4. A system according to claim 1, in which compensating time dependent ISI by the third and the fourth filters.

5. A system according to claim 1, in which timing estimation performed prior to equalization, based on the signals at the input to the third (g.sub.xx) and the fourth (g.sub.yy) filters.

6. A system according to claim 1, in which the taps of the filters are adapted using m-LMS, while sampling the signal at a constant phase.

Description

BRIEF DESCRIPTION OF THE DRAWINGS

(1) The above and other characteristics and advantages of the invention will be better understood through the following illustrative and non-limitative detailed description of preferred embodiments thereof, with reference to the appended drawings, wherein:

(2) FIG. 1 (prior art) illustrates a block diagram of the Post Processing Unit (PPU), following immediately after O/E conversion, suitable for (DP-QPSK) modulation format;

(3) FIG. 2a (prior art) shows a conventional adaptive MIMO equalizer architecture 20, in a conventional butterfly configuration;

(4) FIG. 2b illustrates a novel architecture (BCR-MIMO) to decouple the timing and MIMO equalizer loops;

(5) FIG. 3 shows an S-curve for a typical impulse response, where UI is the unit interval; and

(6) FIG. 4 shows simulated performance of the proposed system, using a conventional coherent E/O front-end.

DETAILED DESCRIPTION OF PREFERRED EMBODIMENTS

(7) The present invention proposes a novel MIMO equalization architecture optimized for Baud rate Clock Recovery MIMO (BCR-MIMO) in coherent symbol-spaced (e.g., 112 Gbit/sec) Dual Polarization Quadrature Phase Shift Keying (DP-QPSK) metro systems. This architecture is designed to decouple between Multiple-Input-Multiple-Output (MIMO) equalization and Clock Recovery (CR) loops, thereby avoiding the interaction between them. The decoupling between the two loops is achieved, while maintaining similar MIMO equalizer performance, as compared to the butterfly-structured equalizer.

(8) The present invention suggests design and optimization of the DSP algorithms for coherent-metro, based on the existing 1 sample per symbol (sps) approach with Anti-Aliasing Filtering (AAF) and Maximum Likelihood Sequence Estimation (MLSE), which is suitable for low power coherent metro applications. Baud rate equalization related algorithms for metro Dual-Polarization Quadrature Phase Shift Keying (DP-QPSK) systems have been recently presented and analyzed. It has been proposed to use a modified reference signal, causing the MIMO equalizer to converge to a different solution, thereby significantly reducing the inherent noise enhancement present in linear equalizer. Some portion of controlled Inter-Symbol Interference (ISI), is kept intact, resulting in 16 QAM-like (quadrature amplitude modulation) instead of QPSK signal at the equalizer output in each polarization. This controlled ISI is compensated at the later stage by the MLSE, right after carrier synchronization. Baud rate Timing Error Detection (TED), suitable for this 16 QAM-like signal (with controlled ISI) is derived and analyzed. In order to avoid coupling between the CR and MIMO loops, the present invention proposes a novel BCR-MIMO architecture. The decoupling concept and weight adaptation rules are presented and explained below.

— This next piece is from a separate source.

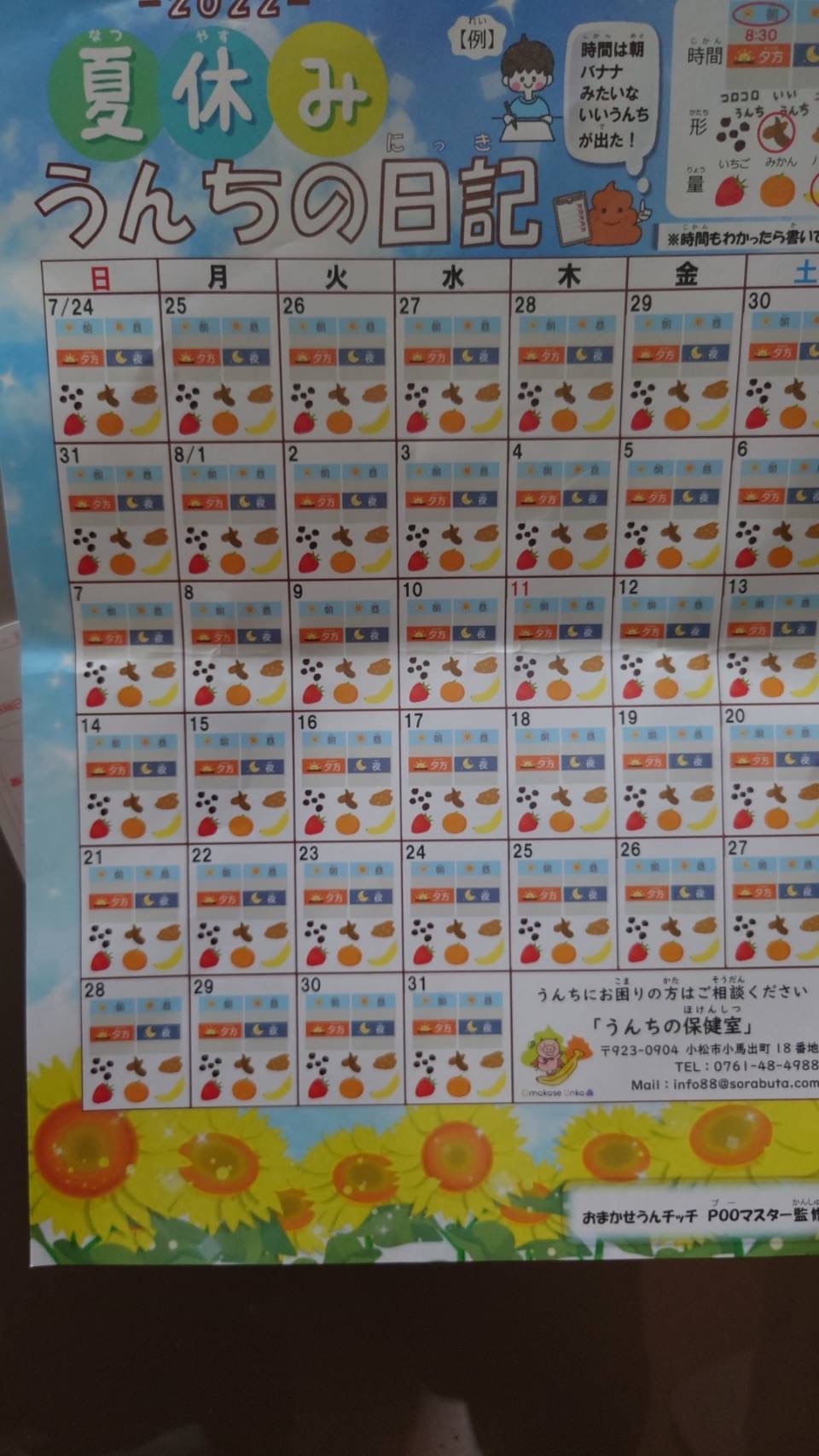 今日はおまかせうんチッチ相談の日でした。男子医学部生も相談してくれました。若い人もストレスの多い毎日でしょうから、いろいろあることと思います。スタッフも最近、便通の変化があると気軽に相談していました。榊原さんから「うんちの日記」をもらいました。榊原さんからは「現代は食生活や慌ただしい生活習慣などで、小学生や未就学児でも便秘の子が多い。中には幼少期から下剤に頼る生活を続け、止めるタイミングがわからず一生下剤を飲み続けるケースもある、そこで、小さい頃から自分のうんちに興味を持ってもらい、気持ちのよい排便につなげられればと、夏休みを利用して観便(自分の便を見ること)の習慣づけしようと話していたら、 スタッフの方が、毎日楽しくつけられるようにかわいいイラストをたくさん使って、「うんちの日記」を作ってくれた!」と話してくれました。是非、お子さんのいる方にお配りしたいと思います。このうんち日記を通して、家族の間で自然にうんちの話ができるようになってほしいです。

(9) Coherent DSP for 1 Sample/Symbol Approach

(10) Optical fiber channel impairments are compensated by means of coherent detection with subsequent DSP. The key idea is that coherent detection retrieves both the phase and the amplitude of the received optical field, thereby allowing digital equalization of linear channel impairments such as CD and PMD. In addition to the impairments compensations, carrier synchronization and baud rate clock recovery tasks are required. Many existing solutions describe the principles and most common algorithms for coherent DSP, based on two samples per symbol.

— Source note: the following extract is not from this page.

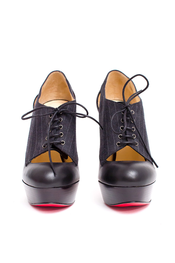 Extreem hoog en extreem elegant: een stijlvolle pump en veterlaars in één. Deze Christian Louboutin pumps – met de bekende rode zool – zijn gemaakt van leer en voorzien van een flink plateau. De upper bestaat uit een stoffen giletje met een gestreept patroon en zwarte veters. Een tijdloze en vrouwelijke klassieker. Deze pumps zijn wat ons betreft extra bijzonder door het mooie lijnenspel tussen open en dicht.

(11) FIG. 1 (prior art) illustrates a block diagram of the Post Processing Unit (PPU), following immediately after O/E conversion, suitable for (DP-QPSK) modulation format. There are four lanes at the PPU input carrying the information of in-phase and quadrature components of the received optical field at both polarizations. In the 1 sample per symbol algorithmic data flow of FIG. 1, there is a strong AAF at the PPU input to fulfill the Nyquist criterion. An MLSE is used as a decision device, to compensate for the ISI introduced by the AAFs, the MIMO structure facilitates a timing recovery loop, with modified equalization algorithm and baud rate is used instead of oversampled CR.

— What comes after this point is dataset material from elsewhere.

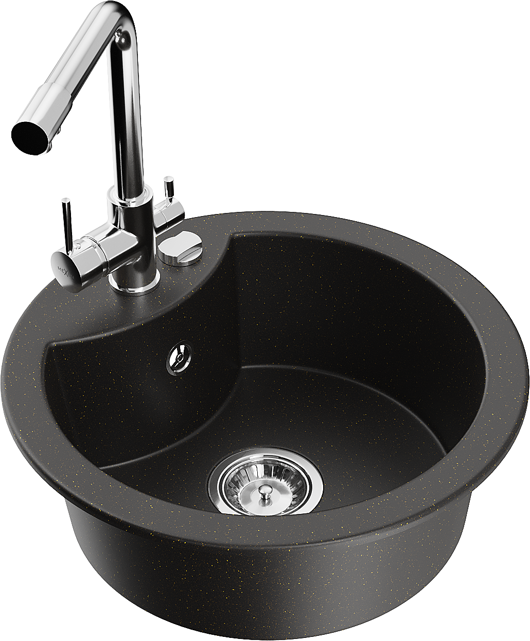 Mexen Diego 1-medencés gránit mosogató konyhai csapteleppel Duero, fekete/arany metál - 6512-75-671600-00

(12) The post processing unit (PPU) 10 includes three main loops: a CR loop 11, a MIMO filter weights adaptation loop 12 and a Carrier Phase Estimation (CPE) and Carrier Phase Correction (CPC) loop 13. The interconnections between the various control loops are omitted for clarity. Each path in the CR loop 11 (which includes an input signal with X or Y polarization) consists of an AAF unit 11a for filtering the received signal, followed by an Analog-To-Digital Converter (ADC) 11b. Both ADCs are operating at the baud rate, i.e., taking 1 sample/symbol, resulting in 50% lower power dissipation as compared to their 2 samples/symbol counterparts. The channel's linear distortion (Chromatic Dispersion) is compensated by a CD compensator and a retiming unit 11d compensates for synchronization inaccuracy between the clocks in the receiver and transmitter, so as to assure sampling at the baud rate. The MIMO filter weights adaptation loop 12 is responsible for polarization demultiplexing.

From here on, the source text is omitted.